Wednesday, 20 May 2015

Air Can Transfer Human Emotions to the Palm of Your Hand

Air Can Transfer Human Emotions to the Palm of Your Hand

We can sense pheromones, we can also sense love in the air during Valentine's Day. Imagine if you could actually sense emotions as personally as through the palm of your hand. With the help of an experimental system called Ultrahaptics, it is now possible.

Ultrahaptics can stimulate different areas of the hand to convey feelings of happiness, sadness, comfort, excitement, or even fear. Short, sharp bursts of air to the area around the thumb, index finger and middle part of the palm, for example, can generate feelings of excitement.

The study, presented at the CHI 2015 conference in South Korea, had one group of participants create patterns to describe the emotions evoked by five separate images: calm scenery with trees, white-water rafting, a graveyard, a car on fire, and a wall clock. The participants were allowed to pinpoint position, direction, frequency, intensity and duration of the emotions evoked by the images.

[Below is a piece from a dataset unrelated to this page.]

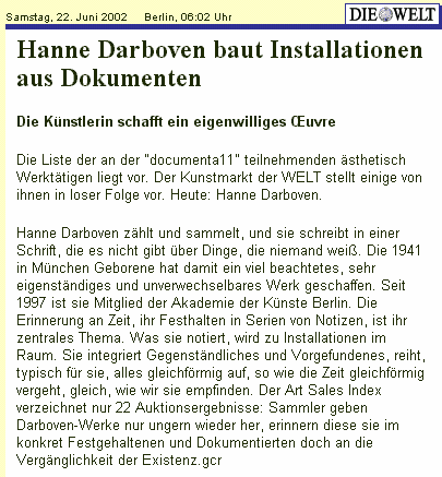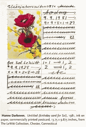 ![]() born 29 april 1941 / died 9 march 2009 the catch 1 : enormously strict conceptual artist consequent, meticulous, puristic, vast with themes around time, writing, numbers, musical notations Schreibzeit festgeschriebene Zeit - Zeiterinnerung writing time - solid written time - time remembrance LINKS : - - - - - - - - - - - - - - - - - - - - Hanne Darboven Foundation Listening to art, watching performance Short Section of Hanne Darboven's Wunschkonzert (1984) performed by cellist Tom Peters - youtube video Proyectos II-Hanne Darboven - youtube video spanish titles SperoneWestwater.com Librairie & Editions Florence Loewy - look under D QUARTETT >88< Art in Context Center Artist-Info - Home numerologic : 29 4 1941 / 11 4 6 / 3 - - - - - - - - - - - - - - - - - - - - horoscope :
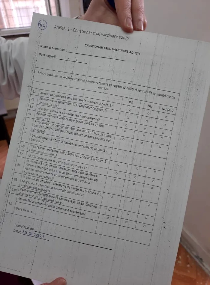 De asemenea, femeile trebuie să spună dacă sunt însărcinate. Pacienții trebuie să declare și dacă au fost infectați cu virusul SARS-CoV-2 sau dacă au avut vreun episod febril, asemănător cu gripa, în ultimele 14 zile, dar și dacă au făcut vreun vaccin în ultimele 4 săptămâni.

A completely different group was then able to select the simulations, created using air pressure on the palm of the viewer's hand, that represented the aforementioned images and the emotions associated with those images. Finally, the last group experienced the final 10 air pressure simulations narrowed down by the previous group. They were then asked to describe how well the simulations described the emotions evoked by each image. It was this final group that aided University of Sussex scientist Dr. Marianna Obrist, a lecturer at the Department of Informatics, to conclude that slow and moderate stimulation of the outer palm and the area around the pinky finger creates sad feelings.

The SenseX project spearheaded by Dr. Obrist aims to provide a multi-sensory framework for communication technology that can design richer technological experiences. Dr. Obrist hopes that in the future, this research will lead to more multi-faceted media experiences, such as 9-dimensional TVs that allow you to simulate tastes previewed on TV.

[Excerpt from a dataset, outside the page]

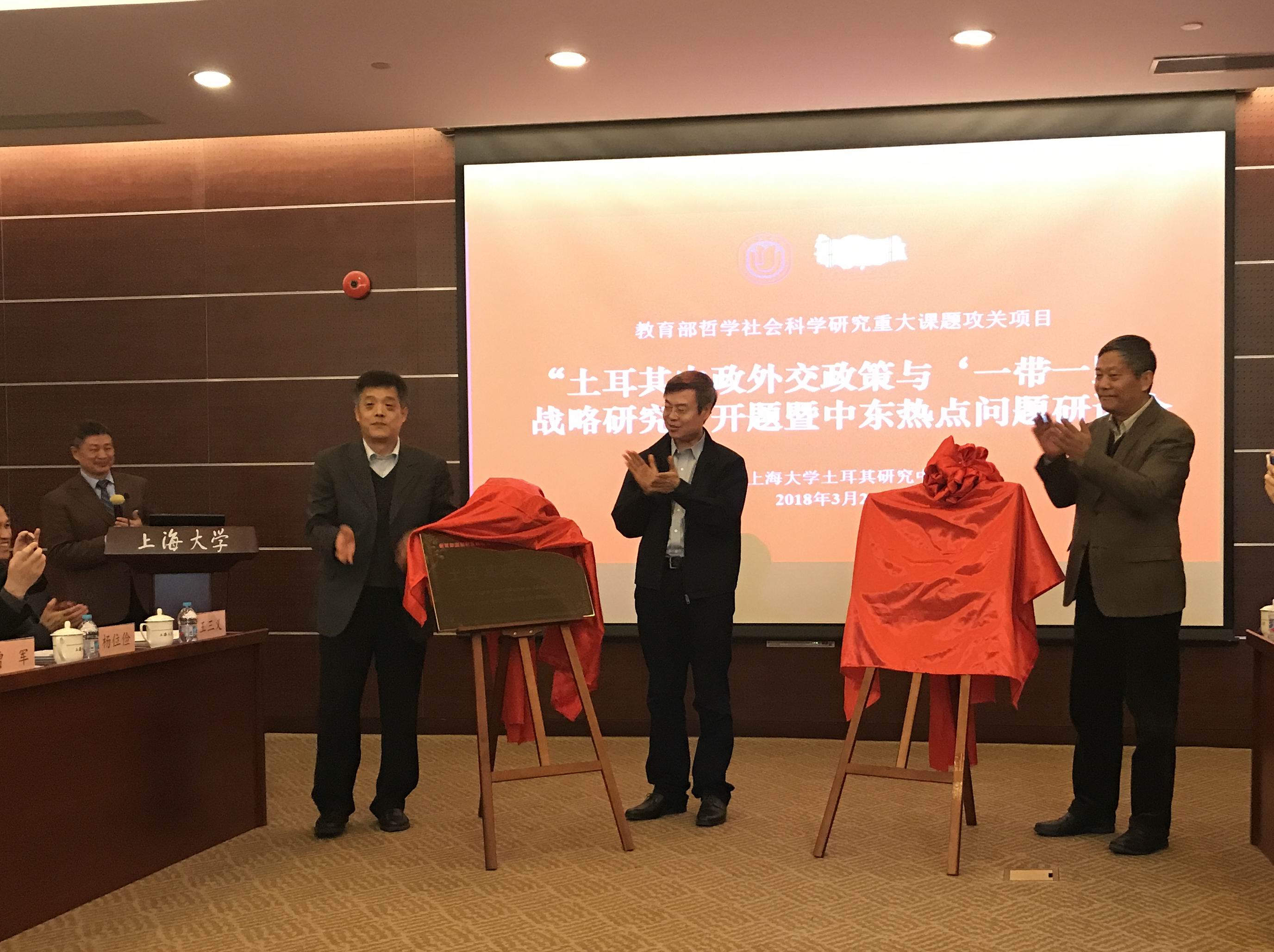 课题分开幕式、开题报告和学术研讨三个环节。开幕式由上海大学研究生院院长、《土耳其内政外交政策与“一带一路”战略研究》课题首席专家郭长刚教授主持,上海大学文科处处长曾军教授、文学院副院长杨位俭教授、中国中东学会会长杨光研究员先后致辞。在开幕式最后环节,上海大学党委书记、校长金东寒院士与中国中东学会会长杨光研究员、上海外国语大学中东研究所所长刘中民教授一起为全球治理研究院、土耳其研究中心的成立揭牌。

This new technology could also be the next new step in making long distance relationships more tolerable and even more exciting. While Skype and texting can help you communicate via words and video, this new technology could boost the potential between couples for intimacy.

As Obrist said:

“Imagine a couple that has just had a fight before going to work. While she is in a meeting she receives a gentle sensation transmitted through her bracelet on the right part of her hand moving into the middle of the palm. That sensation comforts her and indicates that her partner is not angry anymore.”

It will be an even more exciting innovation when the project expands to incorporate taste, smell and a more simulated touch.